Studies confirm an inverse relationship with serum vitamin D3 and multiple myeloma. I had a bone marrow transplant in ’95 increasing my risk of skin cancer further.
I mention this only to go on record that this blog post is not about getting people to get less sun exposure. Some people will sit in the sun regardless. This blog post is designed to raise the possibility that supplementing with vitamin D3 may be an inexpensive way to reduce the risks of both Non-Melanoma Skin cancer (BCC and SCC) as well as Melanoma Skin Cancer.
Melanoma is a complicated, sometimes aggressive, sometimes not aggressive, cancer. There are a host of evidence-based, non-toxic therapies that can reduce the risk of both non-melanoma and melanoma skin cancers.
The studies linked and excerpted below state that humans are healthier with vitamin D3 in their blood. Further, while a little bit of U.V. light is okay, too much U.V. predisposes you to skin cancers. I see the solution as being Vitamin D3 supplementation. I take 1000 mg x 3 daily with food.

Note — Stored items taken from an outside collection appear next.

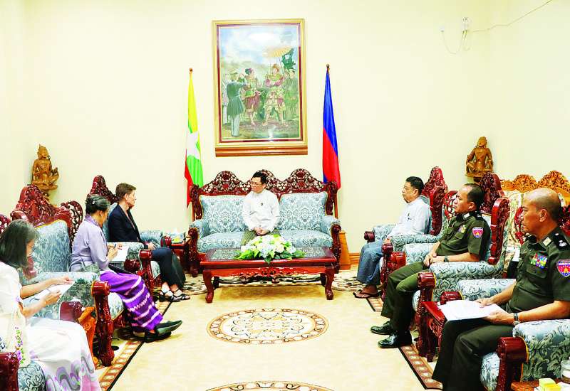 လူဝင်မှုကြီးကြပ်ရေးနှင့်ပြည်သူ့အင်အားဝန်ကြီးဌာန ပြည်ထောင်စုဝန်ကြီး ဦးမြင့်ကြိုင်သည် မြန်မာနိုင်ငံဆိုင်ရာ ကုလသမဂ္ဂယာယီဌာနေညှိနှိုင်းရေးမှူးနှင့် လူသားချင်းစာနာထောက်ထားမှုဆိုင်ရာ ယာယီညှိနှိုင်းရေးမှူးဖြစ်သူ Ms. Gwyn Lewis နှင့်အဖွဲ့အား ယနေ့နံနက်ပိုင်းတွင် နေပြည်တော်ရှိ အဆိုပါဝန်ကြီးဌာန ပြည်ထောင်စုဝန်ကြီး၏ ဧည့်ခန်းမ၌ လက်ခံတွေ့ဆုံသည်။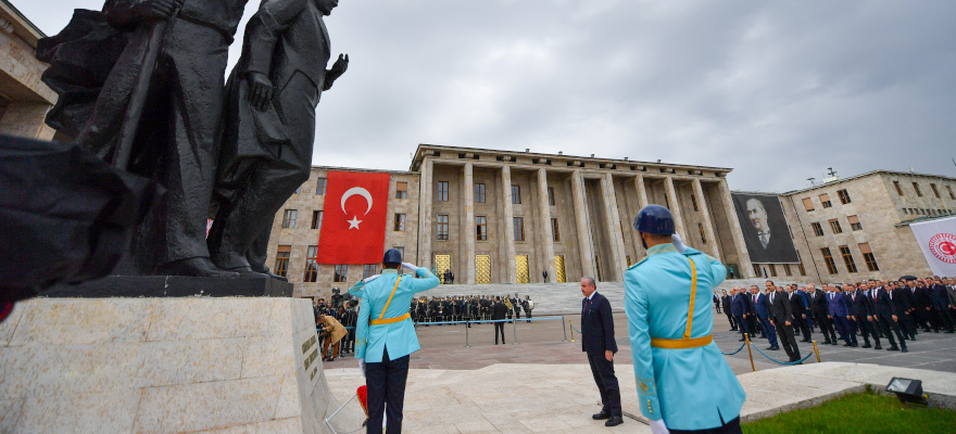 Törende, TBMM Başkanı. Mustafa Şentop'un Atatürk Anıtı'na kırmızı ve beyaz karanfillerden oluşan çelenk bırakmasının ardından saygı duruşunda bulunuldu, İstiklal Marşı okundu.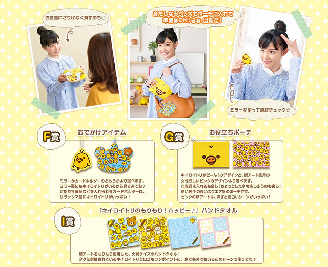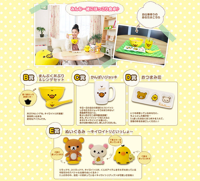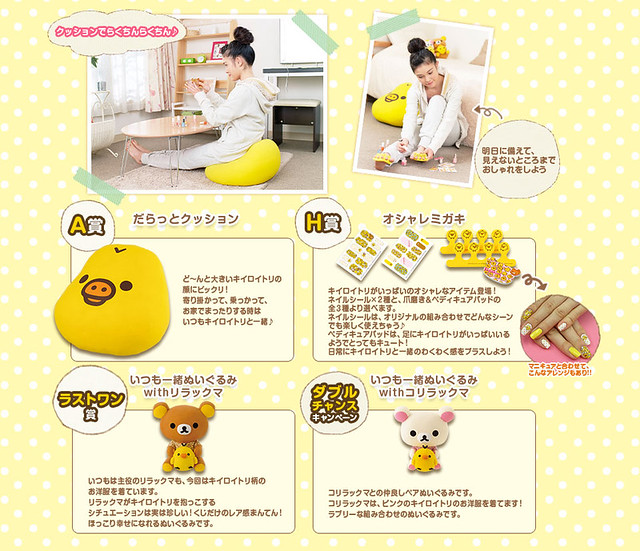 A賞是以拉拉熊最愛的黃色坐墊作為概念,所設計出的超大、超舒適黃色小雞坐墊。B~D 賞以丼飯碗公與湯匙組合、啤酒杯、點心盤... 等,讓吃飯更加愉快的系列商品。除此之外,小包包、大手巾、可愛造型美甲工具以及可愛的絨毛娃娃...等的各式女孩小物,豐富豪華的內容絕對值得去抽一次呀!~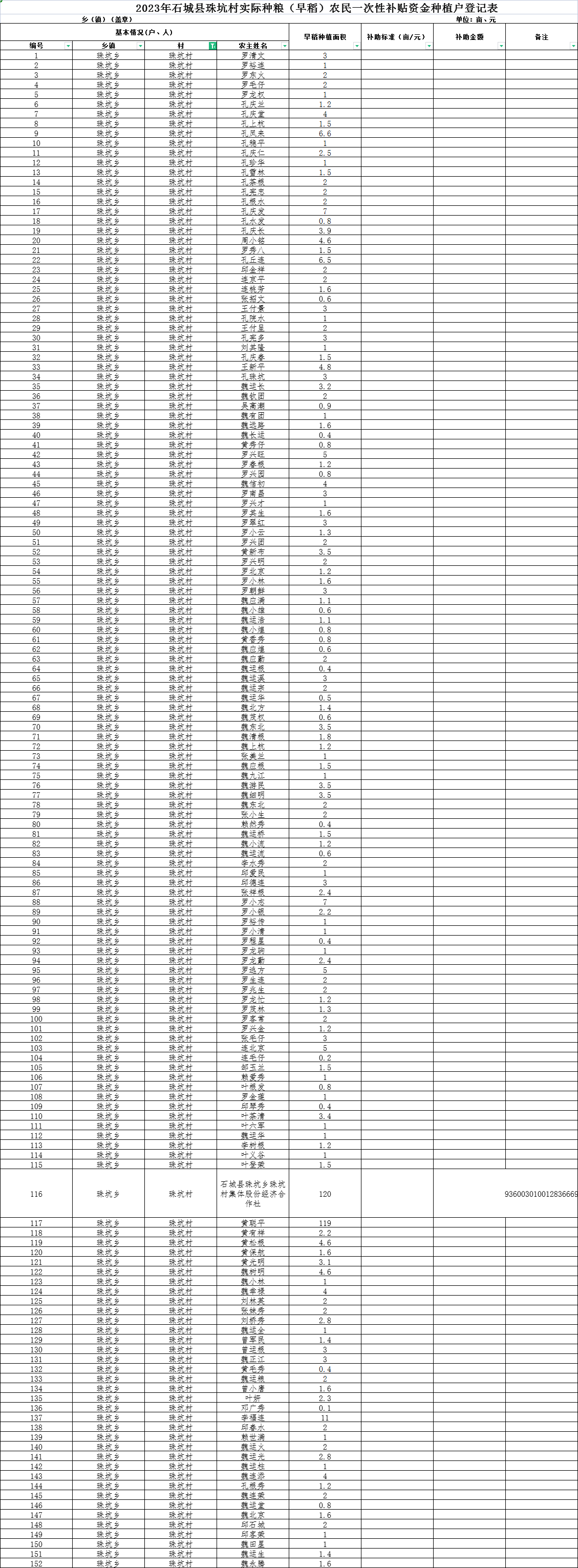 【涉農(nóng)補貼】 2023年石城縣珠坑村實際種糧(早稻)農(nóng)民一次性補貼資金種植戶登記表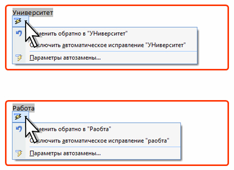 При наведении указателя мыши на автоматически исправленный текст появляется небольшое синее поле, которое при наведении на него указателя превращается в кнопку Параметры автозамены, а сам текст выделяется серым фоном (рис. 2.3). Можно отменить исправление либо включить или отключить параметры автозамены.
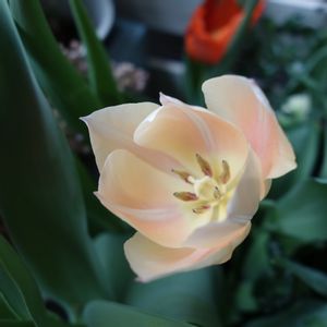 おはようございます(#^_^#) 5つ目のチューリップは、コーラルピンク🌷 一重でほんわか可愛いです✨️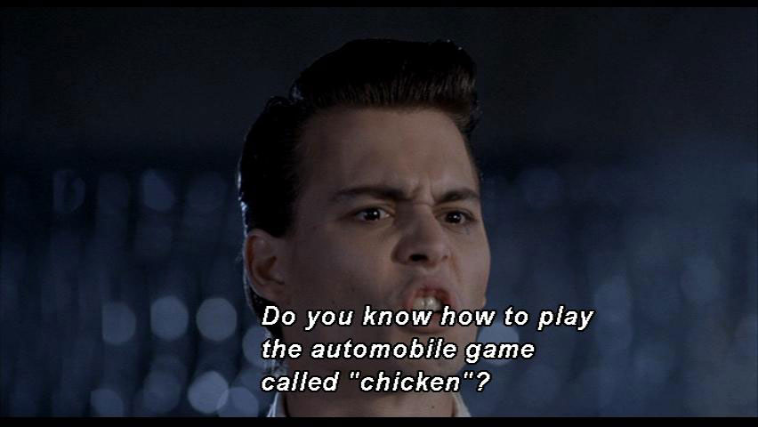 [people agreeing] WADE: It's okay, Hatchet. You're beautiful, baby. [people applauding] But I'll take care of this maggot. Do you know how to play the automobile game called "chicken"? |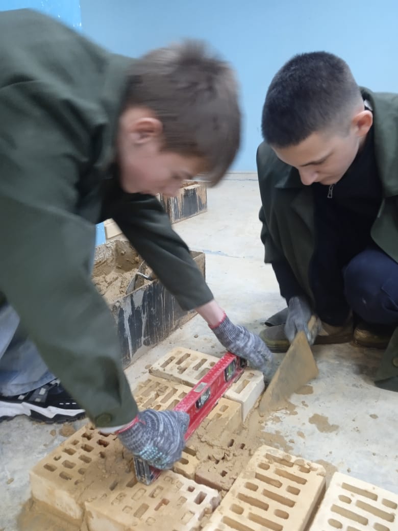 Обучающиеся 8 а,б классов приняли участие в профпробе «Каменщик». Ребятам рассказали о видах кирпичной кладки. Показали, как выкладывать стену, выводить угол. Затем на практике дети сами пробовали выложить часть строения. Комфортная, доброжелательная обстановка дала свои результаты. У всех остались положительные эмоции.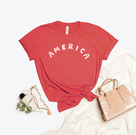 America Graphic Tee-Heather Red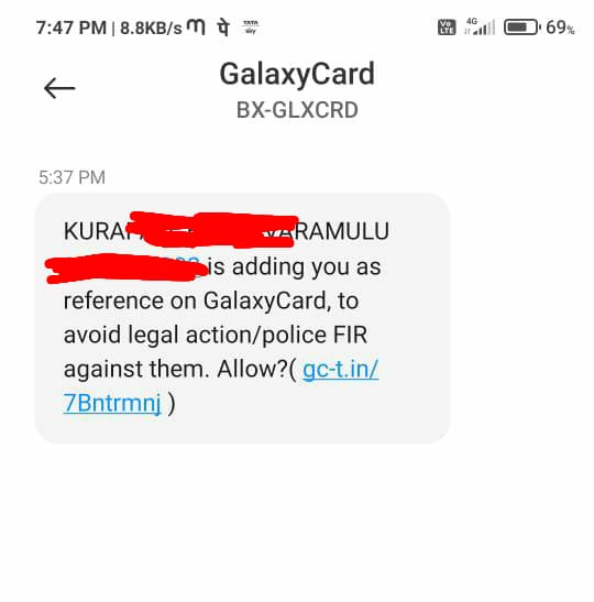 I did not take any loan from galaxy card app.but more then six months ago i installed galaxy card app.but today many of my phone book number got messages.am attaching that messages.this is very dangers and liferisk app .please delete app and take action

To learn more about other evidence-based therapies that can help prevent the development of non-melanoma skin cancer or relapse, please watch the short video below:
Non-Melanoma Skin Cancer at a Glance-
Melanoma at a glance-
I am both a long-term cancer survivor and cancer coach. Have you been diagnosed with either basal cell or squamous cell carcinoma? Or melanoma? Scroll down the page and let me know.

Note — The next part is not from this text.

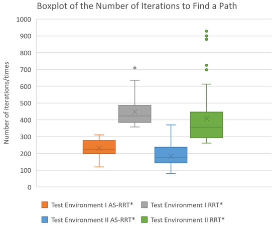 In Test Environment I and Test Environment II, the box-and-whisker plots demonstrate that the AS-RRT* algorithm significantly reduces the number of iterations compared to the RRT* algorithm, with a more concentrated distribution. This suggests that the improved algorithm not only reduces the number of iterations during the path search process but also exhibits more stable convergence. Specifically, the narrower spacing between the upper and lower quartiles in the AS-RRT* boxplot indicates a more compact data distribution with no outliers, reflecting the algorithm’s stable and reliable convergence in complex obstacle environments. In contrast, the RRT* algorithm’s boxplot shows a broader distribution range and potential outliers, indicating less stable convergence compared to the AS-RRT* algorithm.

“The International Agency for Research on Cancer has noted that there is sufficient evidence from studies in animals and in man to establish ultraviolet radiation as a human carcinogen. Skin cancer has been the most commonly studied cancer site with respect to UV radiation. The nature and timing of sun exposure appear to be important determinants of both the degree of risk and the type of skin cancer…
It has been estimated that solar ultraviolet radiation accounts for approximately 93 percent of skin cancers and about half of lip cancers…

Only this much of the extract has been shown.